Shao Z1, Yin J1, Chapman K1, Grzemska M1, Clark L1, Wang J2, Rosenbaum DM1.
1Department of Biophysics, The University of Texas Southwestern Medical Center, Dallas, Texas 75390, USA.
2Green Center for Systems Biology, The University of Texas Southwestern Medical Center, Dallas, Texas 75390, USA.

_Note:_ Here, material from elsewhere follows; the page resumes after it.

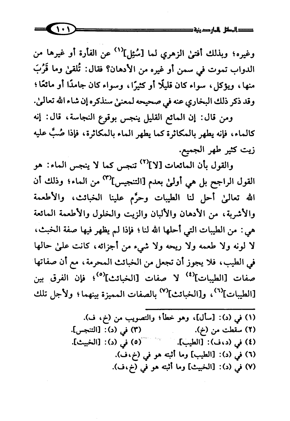 والقول بان المائعات [لا] (¬2) تنجس كما لا ينجس الماء: هو القول الراجح بل هي أولي بعدم [التنجيس] (¬3) من الماء؛ وذلك أن الله تعالى أحل لنا الطيبات وحرَّم علينا الخبائث، والأطعمة والأشربة، من الأدهان والألبان والزيت والخلول والأطعمة المائعة هي: من الطيبات التي أحلها الله لنا؛ فإذا لم يظهر فيها صفة الخبث، لا لونه ولا طعمه ولا ريحه ولا شيء من أجزائه، كانت على حالها في الطيب، فلا يجوز أن تجعل من الخبائث المحرمة، مع أن صفاتها صفات [الطيبات] (¬4) لا صفات [الخبائث] (¬5)؛ فإن الفرق بين [الطيبات] (¬6)، و [الخبائث] (¬7) بالصفات المميزة بينهما؛ ولأجل تلك

The human cannabinoid G-protein-coupled receptors (GPCRs) CB1 and CB2 mediate the functional responses to the endocannabinoids anandamide and 2-arachidonyl glycerol (2-AG), as well as the widely consumed plant (phyto)cannabinoid ?9-tetrahydrocannabinol (THC)1. The cannabinoid receptors have been the targets of intensive drug discovery efforts owing to the therapeutic potential of modulators for controlling pain2, epilepsy3, obesity4, and other maladies. Although much progress has recently been made in understanding the biophysical properties of GPCRs, investigations of the molecular mechanisms of the cannabinoids and their receptors have lacked high-resolution structural data. We used GPCR engineering and lipidic cubic phase (LCP) crystallization to determine the structure of the human CB1 receptor bound to the inhibitor taranabant at 2.6?Å resolution. The extracellular surface of CB1, including the highly conserved membrane-proximal amino-terminal (N-terminal) region, is distinct from other lipid-activated GPCRs and forms a critical part of the ligand binding pocket. Docking studies further demonstrate how this same pocket may accommodate the cannabinoid agonist THC. Our CB1 structure provides an atomic framework for studying cannabinoid receptor function, and will aid the design and optimization of cannabinoid system modulators for therapeutic ends.